Problem details: Your task is to retype, word for word, the lines from the start of the data through the line holding "Data inici *". Do not include the pictures.

Provided records:
^^^^^^^^^^^^^^^^

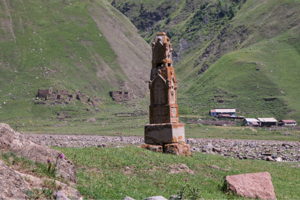 Совершенно случайно замечаю, что заднее колесо у нашего вездехода пробито. Резина замята, на ободе, вероятно, уже несколько километров едем. А при такой тряске на проселочной дороге не сразу и поймешь: камни по днищу стучат или диск по ухабам скачет. Вот вам и пословица в руку: «За двумя зайцами погонишься – ни одного не поймаешь». После такого уже не до осмотра окрестностей. Хотя в Сно есть на что посмотреть: развалины старой крепости с отлично сохранившейся башней, красивая церковь, хотя и современная, да огромные валуны с ликами известных грузин. Но все это захватываем постфактум. В отель нас отвозит сын Алекси, а сам он отправляется в мастерскую, откуда забирает машину, по его же словам, лишь поздней ночью.
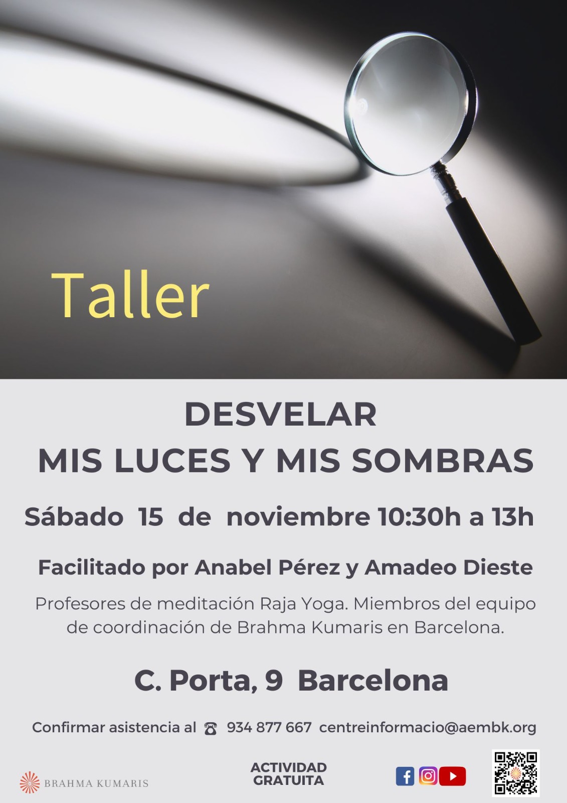 Data inici * ds., 15/11/2025 - 10:30 Districte * Nou Barris Taller: Desvelar les meves llums i les meves ombres Organitza Associació Brahma Kumaris Reconéixer les fortaleses i deixar anar les debilitats. Reflexions i meditació
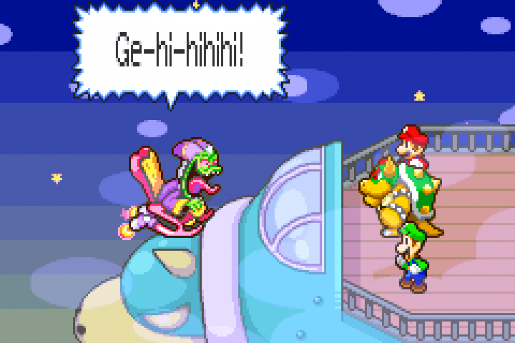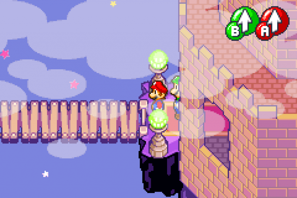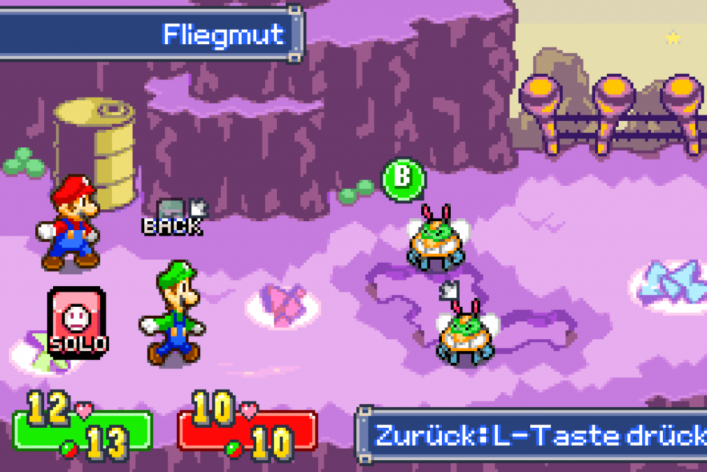 Hast du dies geschafft, überreicht dir der eine Typ die Karte vom Bohnenland. Im Anschluss gehst du noch in die Röhre und aktivierst den ersten Warp-Punkt. Nun musst du noch die „Grenze“ überwinden, d.h. du springst mit Mario & Luigi gleichzeitig (A + B zusammen drücken) über die Stacheln. Unterwegs triffst du auch auf neue Gegner, den Fliegmuts. Übe an diesen nocheinmal die Angriffe, bevor es am Ende links über die Brücke geht, wo du Bowser in einer Kanone findest. Der Bösewicht Stella fordert für seine Freigabe 100 Münzen, welche du nun suchen musst.
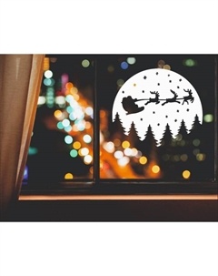 Наклейка декоративная для окон «Санта на фоне луны», 37×32 см
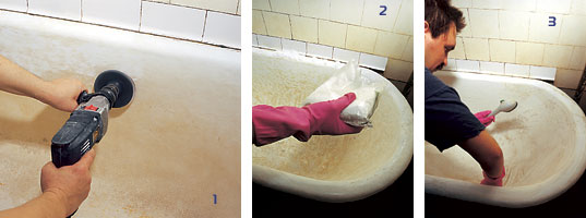 1. Механическая зачистка поверхности ванны 2. Обезжиривание поверхности 3. Удаление обезжиривающего состава
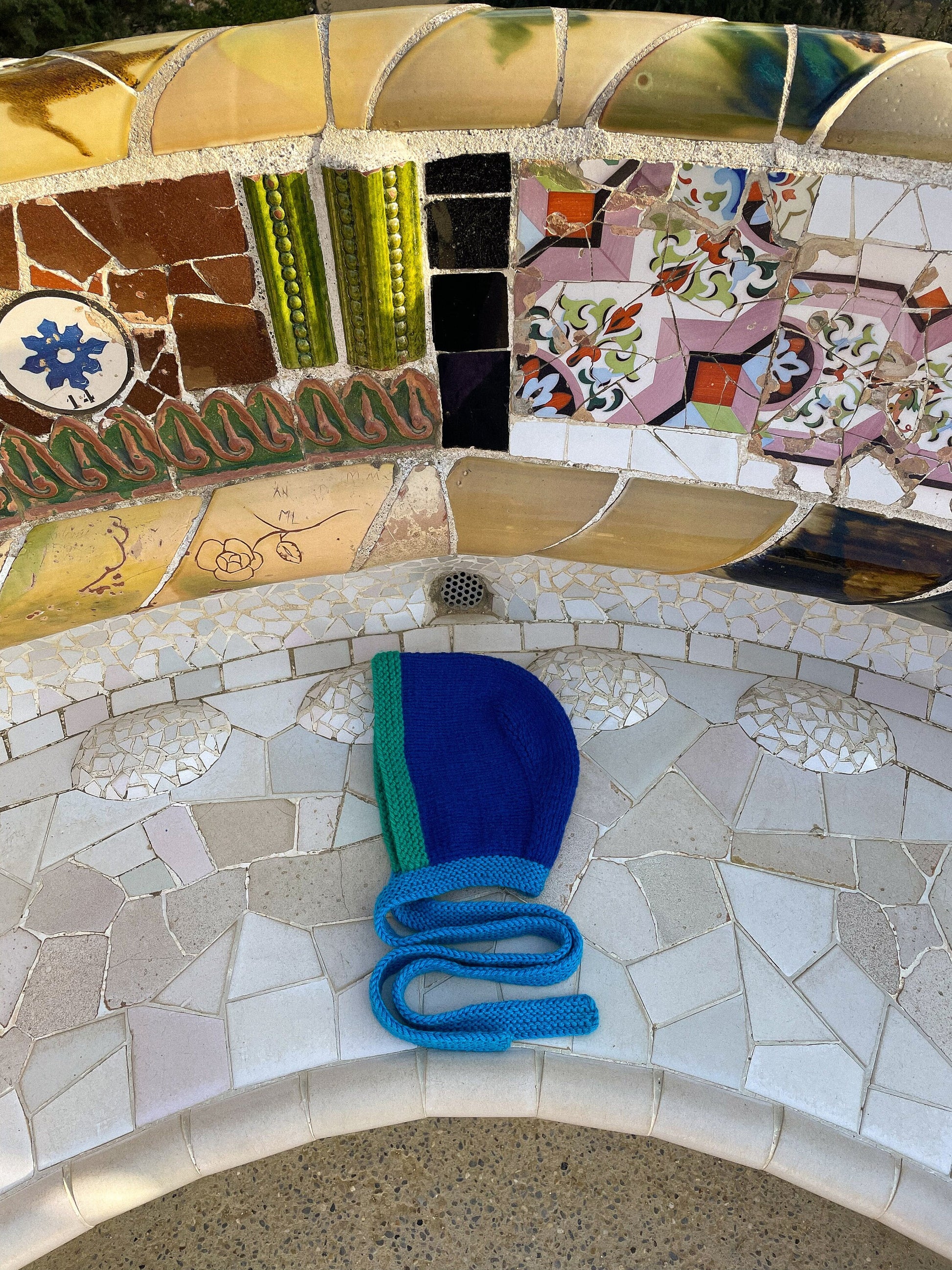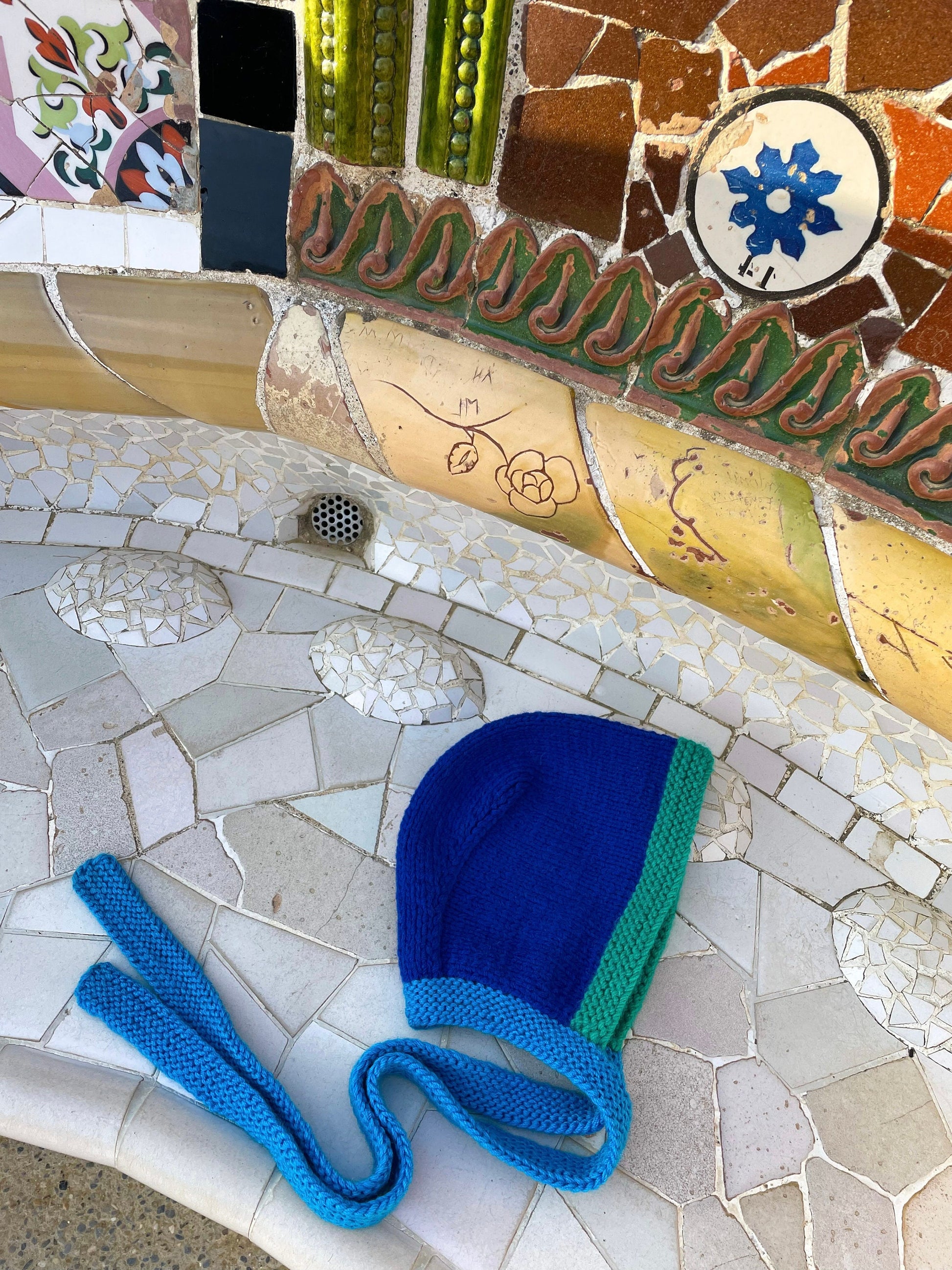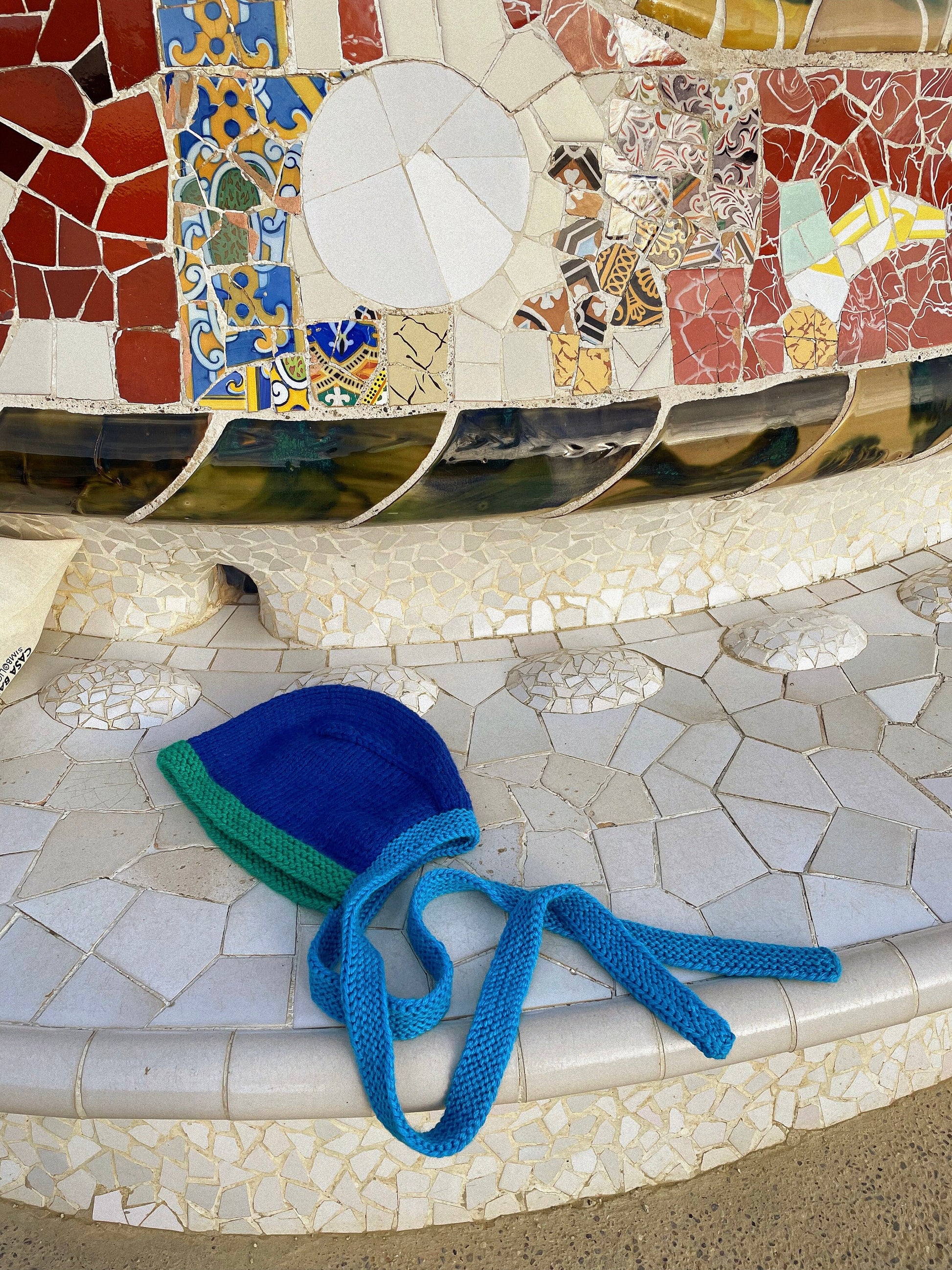 New kid on the block: Hand - Knitted Multi Blue Chunky Bow Tie Bonnet Hat 🍊🫐

^^^^^^^^^^^^^^^^

Exercise output:
 Совершенно случайно замечаю, что заднее колесо у нашего вездехода пробито. Резина замята, на ободе, вероятно, уже несколько километров едем. А при такой тряске на проселочной дороге не сразу и поймешь: камни по днищу стучат или диск по ухабам скачет. Вот вам и пословица в руку: «За двумя зайцами погонишься – ни одного не поймаешь». После такого уже не до осмотра окрестностей. Хотя в Сно есть на что посмотреть: развалины старой крепости с отлично сохранившейся башней, красивая церковь, хотя и современная, да огромные валуны с ликами известных грузин. Но все это захватываем постфактум. В отель нас отвозит сын Алекси, а сам он отправляется в мастерскую, откуда забирает машину, по его же словам, лишь поздней ночью.
 Data inici * ds., 15/11/2025 - 10:30 Districte * Nou Barris Taller: Desvelar les meves llums i les meves ombres Organitza Associació Brahma Kumaris Reconéixer les fortaleses i deixar anar les debilitats. Reflexions i meditació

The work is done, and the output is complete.